Same for the backtracking table



In [ ]:

    
import numpy



In [ ]:

    
def Viterbi(object):
    pass

with open("umbc.casesensitive.word_pos.1M.txt", "r", encoding="utf8", errors="ignore") as f:
    generator1 = (line.strip().split("\t") for line in f)
    generator2 = (line for line in generator1 if len(line) == 2)

    viterbi = Viterbi()
    viterbi.train(generator2)



In [ ]:

    
assert(viterbi.predict("You talk the talk .".split()) == ['PRP', 'VB', 'DT', 'NN', '.'])
print(viterbi.predict("The dog .".split()))
print(viterbi.predict("The dog runs .".split()))
print(viterbi.predict("The dog runs slowly .".split()))
print(viterbi.predict("The dog 's run was slow .".split()))

Small exercise 1. (10 points)

Modify the Viterbi class: use a logarithmic scale for probabilities.
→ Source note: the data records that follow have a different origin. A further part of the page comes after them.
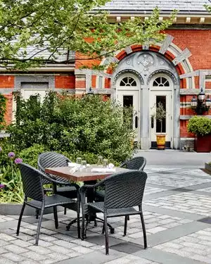 The place has a very pleasant vintage aura. The rooms are very nice and bright. The dishes served are pleasant and the staff very professional and prepared. The outdoor space is very well maintained. Prices in average New York. Approved.
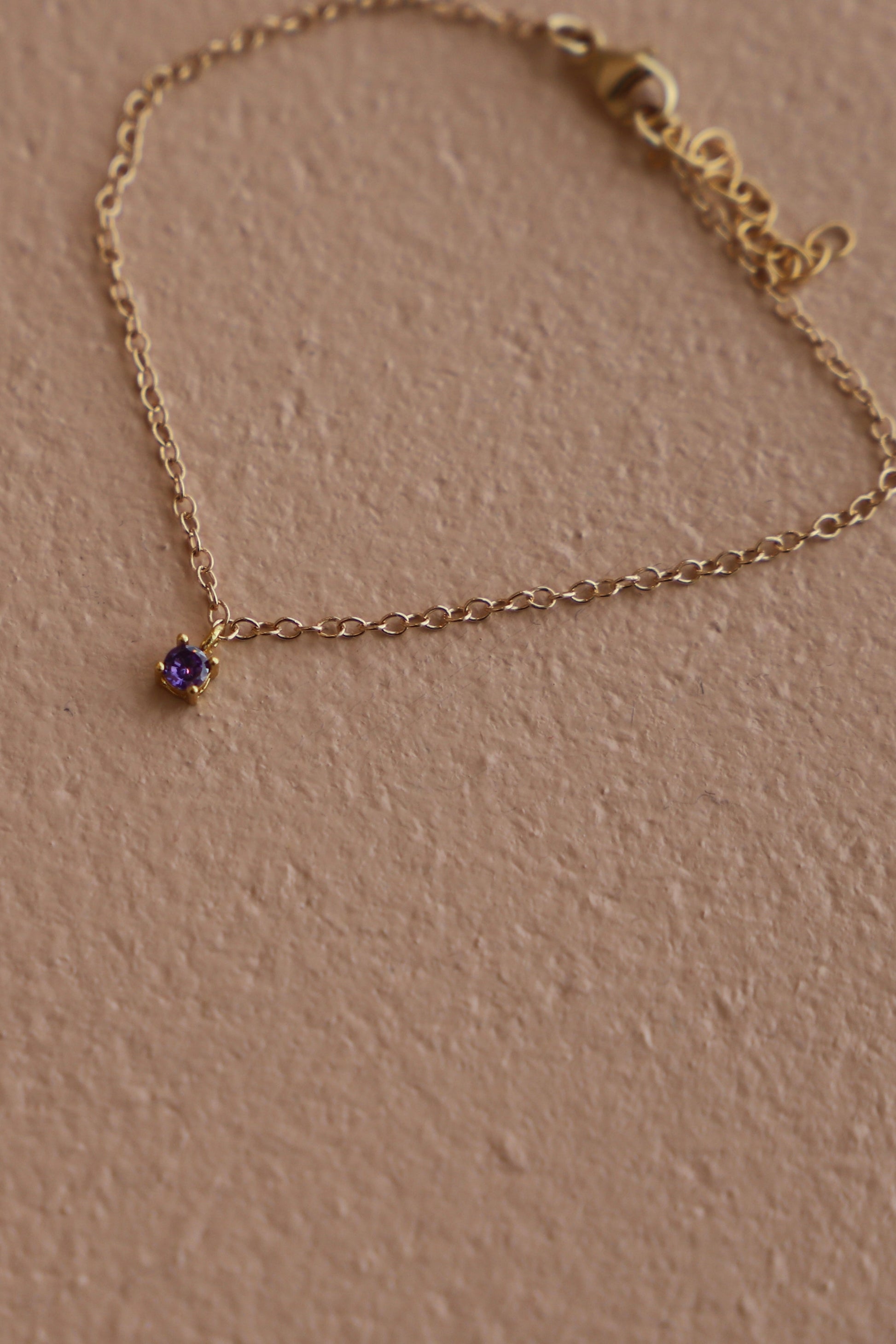This beautiful birthstone charm bracelet features a delicate gold chain and an amethyst charm, making it a perfect piece for a personalized gift or a special piece for yourself.
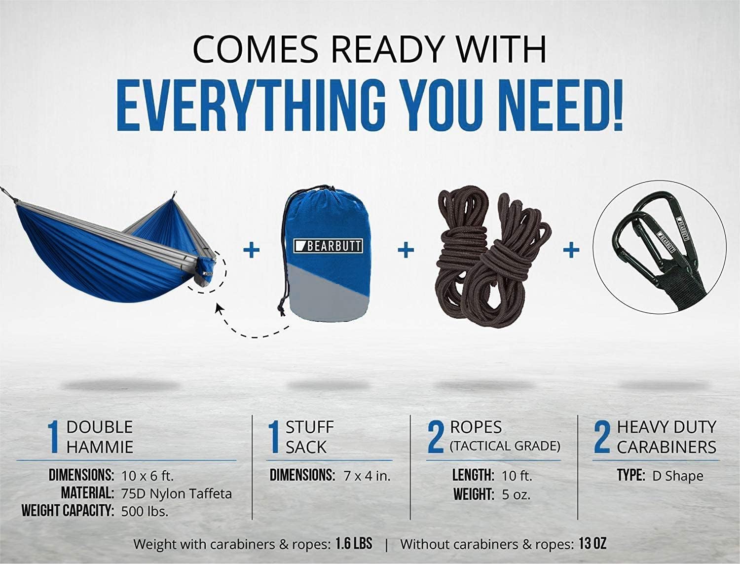 PLENTY OF ROOM – The Bear Butt travel hammock has so much room for Two people to fit comfortably and with a legal weight capacity of 500lbs you can enjoy time with loved ones hammock camping. Get Yours Now.
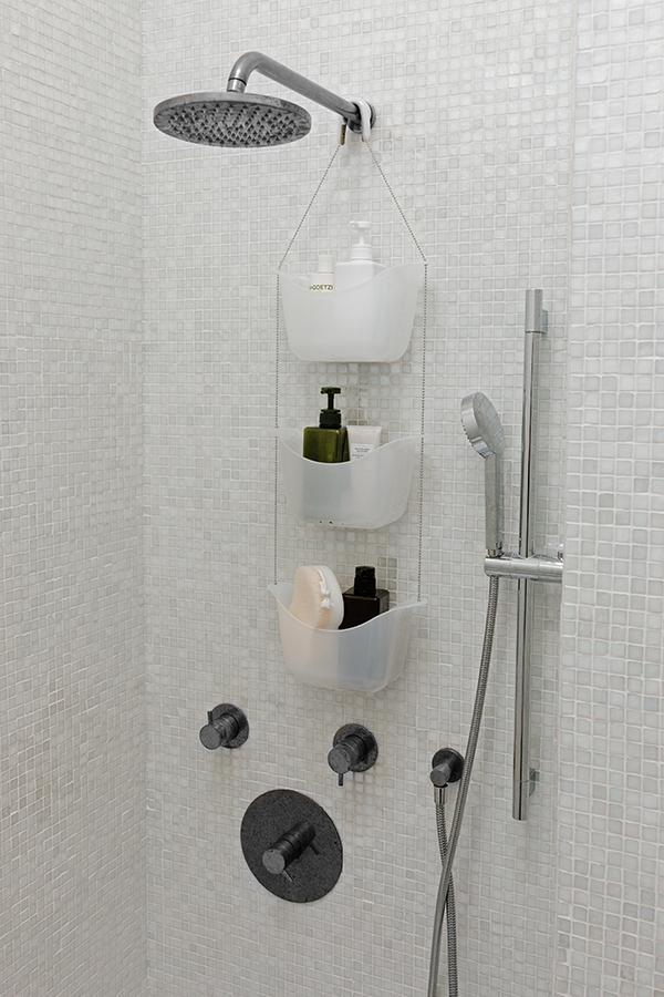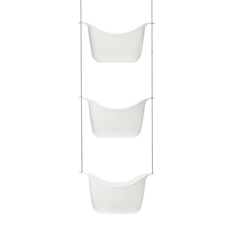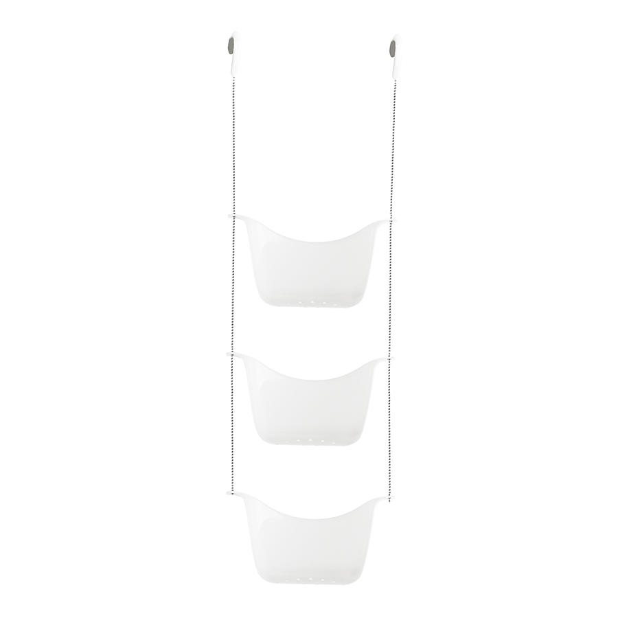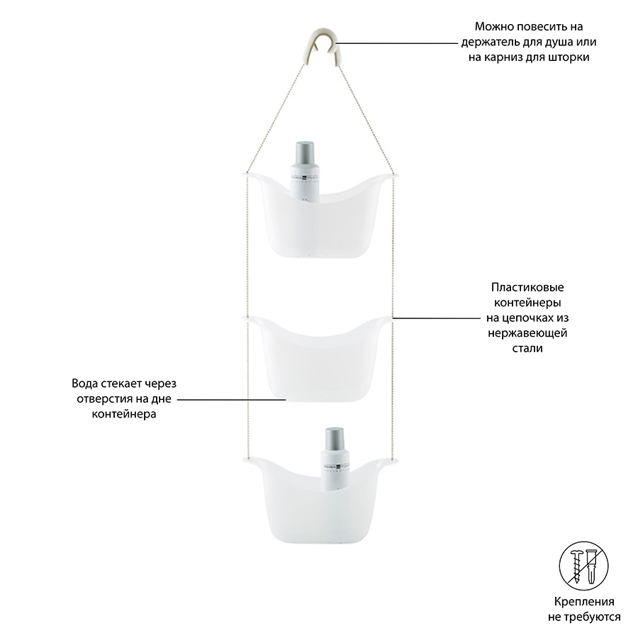 Три корзины, соединенные цепочкой из нержавеющей стали, плюс два специальных крючка, которые позволяют повесить конструкцию на крепление для душа или штангу для шторки в ванной.
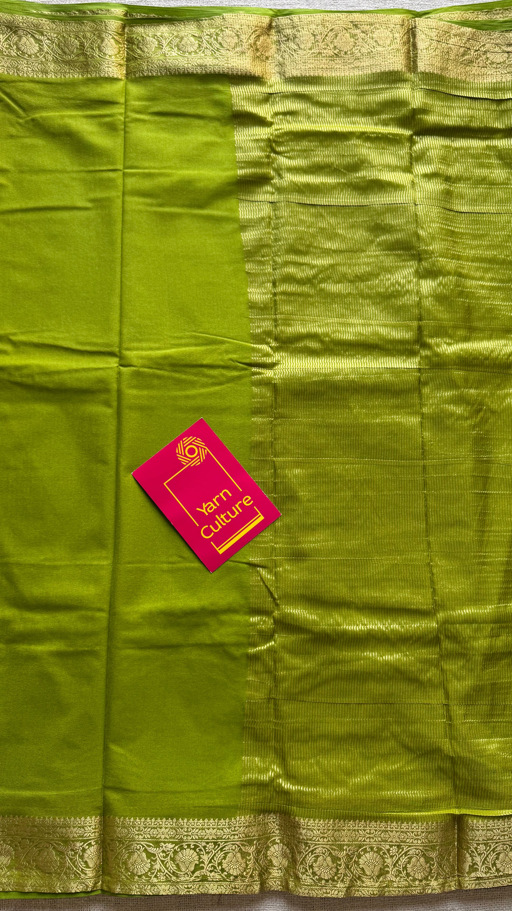 A sweet lime green Mysore semi crepe silk saree featuring elegant floral zari borders and a rich zari pallu. Lightweight, soft, and easy to drape, it is perfect for festive occasions, formal gatherings, and refined everyday elegance.
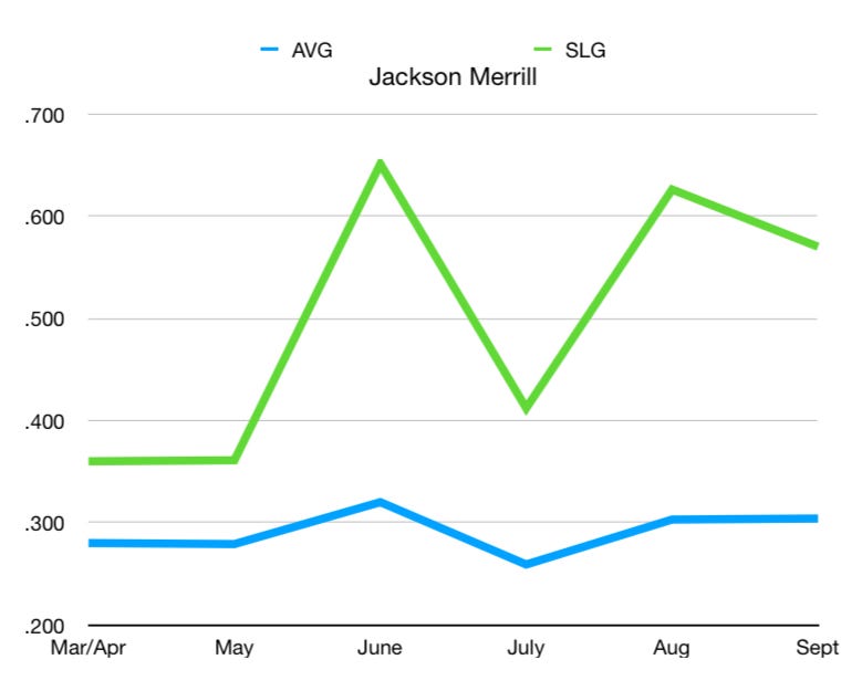 Merrill is one of the three Jacksons to grace a big-league lineup before reaching legal drinking age this season. Check out his month-by-month batting average and fluctuations in slugging percentage:
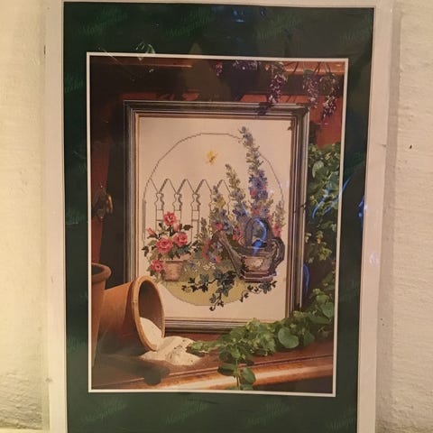 Broderes med moulinégarn i utregnede kors- og attersting på ekryfarget aidavev,
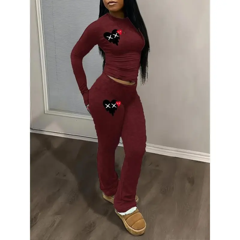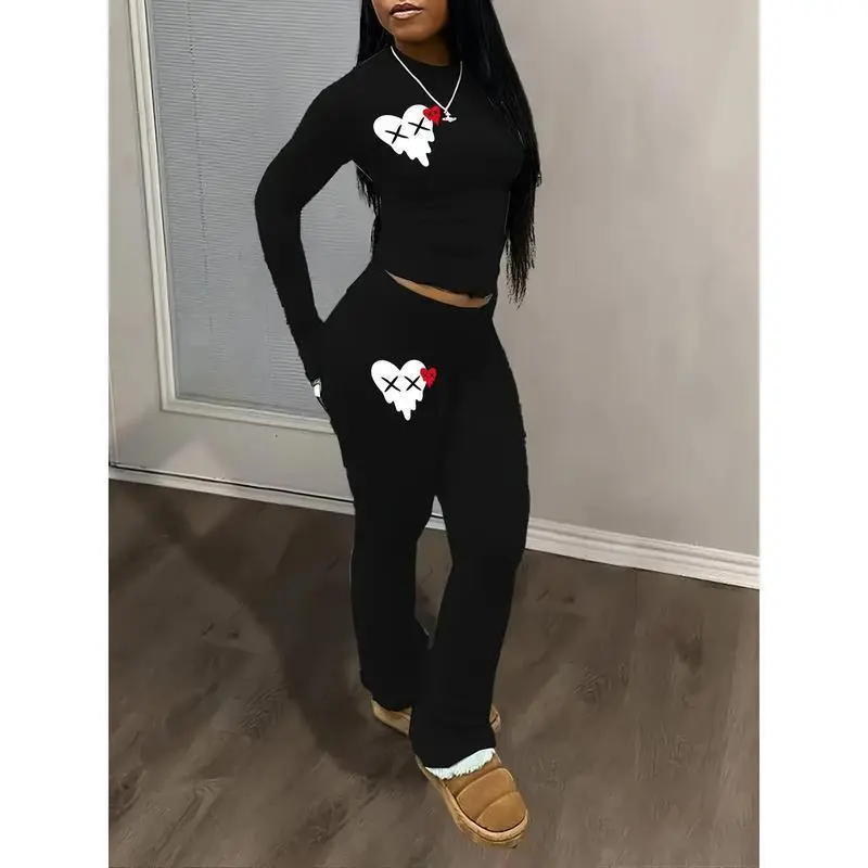 Comfortable Y2K Heart Print Set - Fashionable and Easy to Care
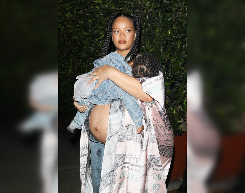 Рианна продолжает притягивать внимание папарацци и фанатов своим стилем материнства. 35-летняя исполнительница прорывного хита «Umbrella» выглядела как никогда гламурно, когда в субботу (22 июля) вечером прибыла в свой любимый лос-анджелесский ресторан «Georgio Baldi». «Девятка» из «8 подруг Оушена» несла на руках своего сына RZA Ательстона Майерса, одетая в укороченный топ, светлые застиранные деним-джинсы и длинный халат с рисунком 100-долларовой купюры. Рианна дополнила свой «ресторанный» образ черными ботинками и ожерельем из серебра, заплетя волосы в две косички. Хозяйка бренда Fenty Beauty без стеснения продемонстрировала свой растущий животик, когда входила в популярный итальянский ресторан в прибрежной Санта-Монике с годовалым сыном на руках. Малыш RZA выглядел не менее стильно в джинсах и однотонной джинсовой куртке. Однако он, казалось, дремал, пока мама несла в левой руке его черные кроссовки. Звездная пара Отношения Рианны с ее бойфрендом-рэпером A$AP Rocky начались в 2020-
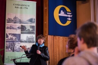 Gdańsk, ul. Piramowicza. Gdański tydzień zawodowca. CONRADINUM. Konferencja dla gimnazjalistów "Przemysł okrętowy - fascynujące miejsce pracy". Nz Anna Wasilewska, dyrektor szkoły.
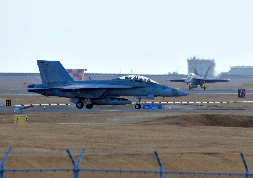 米海軍艦載機 F/A-18F スーパーホーネット 戦闘攻撃機(岩国基地)、NF、116番機、103番機が帰還、着陸
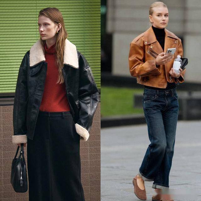 暖橘色的短皮夹克,利落干净的线条,搭配牛仔阔腿裤来穿,显高显瘦,又透着爽利感,搭配黑色的修身高领针织衫,外套的硬朗被毛衣的温柔化解,配色又温暖高级,很适合初冬。
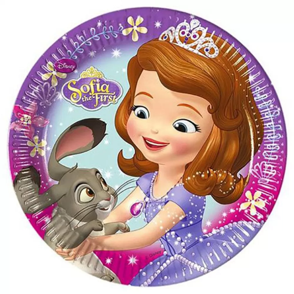 - Бумажные одноразовые тарелки «София Прекрасная» для праздника. В упаковке 8 десертных ламинированных тарелок, диаметр тарелки размером 20 см.
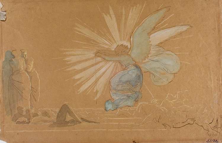 А.А. Иванов. Ангел возвещает женам о воскресении Христа. Эскиз. Конец 1840-х–1858. Бумага светло-коричневая, акварель, белила. 26,2 × 39,7. ГТГ
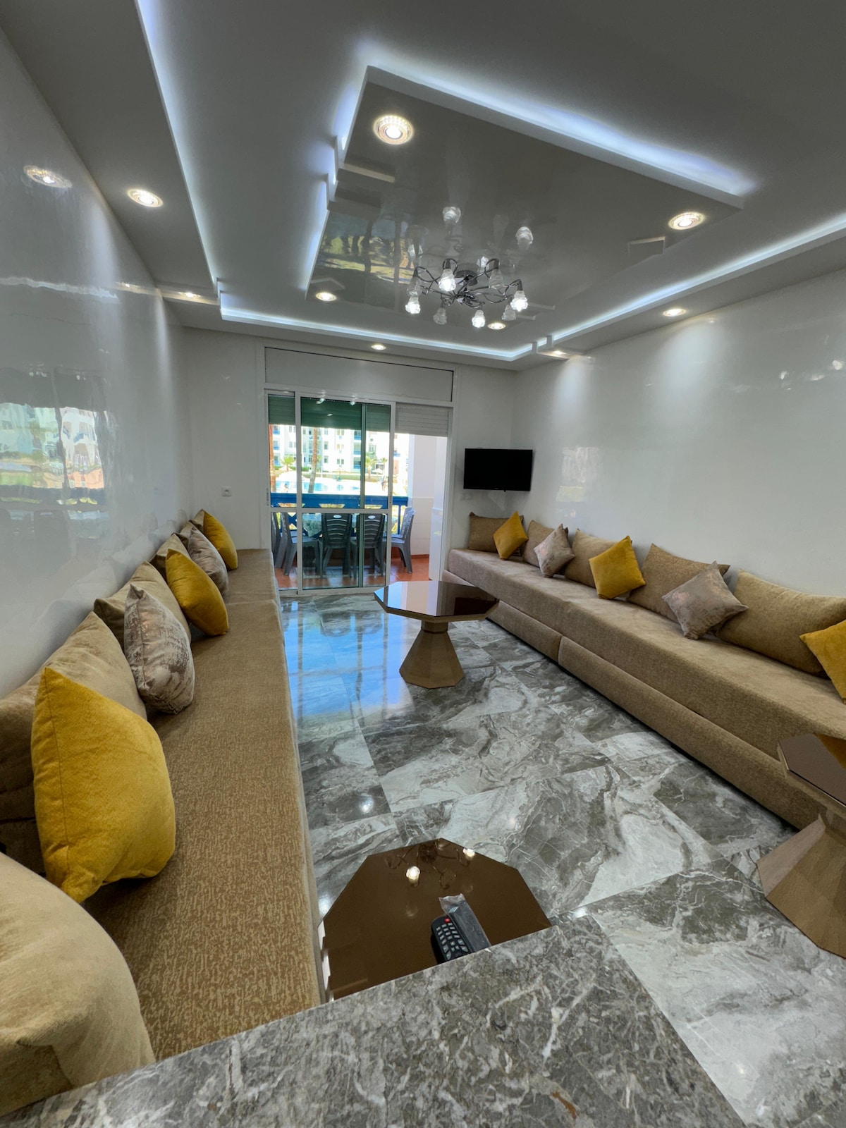 ✨L'appartement Panoramique à les jardins bleus se caractérise par son design à la fois moderne et élégant, chaque élément étant soigneusement conçu pour vous garantir une expérience sans pareille ✨Son emplacement central ✅ Appartement avec vue panoramique sur la mer et à proximité de : ✅ 1 min de la plage de Martil 🏖 et sa fameuses corniche ✅ 5 min de la Plage de Cabo Negro 🏝 ✅ 4 min de Ikea et KFC 🍗 ✅ 6 min de Marjane et McDonald's 🍟 ✅ 1 min restaurants cafés, commerces

In the Viterbi table instead of $$ \pi(k,u,v) = \max_{w\in L} \pi(k-1, w, u)\cdot \mathbb{P}(v \ | \ w,u)\cdot \mathbb{P}(w_k \ | \ v) $$ use $$ \hat\pi(k,u,v) = \max_{w\in L} \hat\pi(k−1,w,u) + \log\mathbb{P}(v \ | \ w,u) + \log\mathbb{P}(w_k \ | \ v) $$

Note that the minimum probability is $0$, but the minimum logarithm is $-\infty$. Both numpy and python float can deal with minus infinity.
Precalculate the log-probabilities in the initializer, not during the dymanic programming.

This should not affect the result, just the numbers in the viterbi table.

Name the log-scaled imlementation ViterbiLog, it can inherit from Viterbi or it can be a whole new class.



In [ ]:

    
with open("umbc.casesensitive.word_pos.1M.txt", "r", encoding="utf8", errors="ignore") as f:
    generator1 = (line.strip().split("\t") for line in f)
    generator2 = (line for line in generator1 if len(line) == 2)

    viterbi_log = ViterbiLog()
    viterbi_log.train(generator2)



In [ ]:

    
assert(viterbi.predict("The dog runs slowly .".split()) == viterbi_log.predict("The dog runs slowly .".split()))

Small exercise 2. (30 points)

a) 15 points

Modify the Viterbi class: use a sparse storage for transition probabilities, not a 3-dimensional array.

Use a dict to store the frequencies of the 2 and 3 tuples of labels.

For example if you had "adjective noun" 10 times and "adjective noun determinant" 5 times, then store the following



In [ ]:

    
{('JJ', 'NN'): 10, ('JJ', 'NN', 'DT'): 5}

In the example $\mathbb{P}(DT \ | \ JJ, NN ) = 0.5$

Note that whenever $\#\{JJ, NN\} = 0$ or $\#\{JJ, NN, DT\} = 0$, then $\mathbb{P}(DT \ | \ JJ, NN ) = 0$.

Implement this in a new class ViterbiSparse, it can inherit from the original one or it can be a new class.

b) 15 points

Try to find a sparse representation (with dict-s) which makes the inner for loop shorter. Note that you don't have to take the maximum over all the $w\in L$ elements, if you already know that some transition probabilities are zeros.

$$ \max_{\substack{w\in L \\ \mathbb{P}(v \ | \ w,u) > 0}} \pi(k-1, w, u)\cdot \mathbb{P}(v \ | \ w,u)\cdot \mathbb{P}(w_k \ | \ v) $$



In [ ]: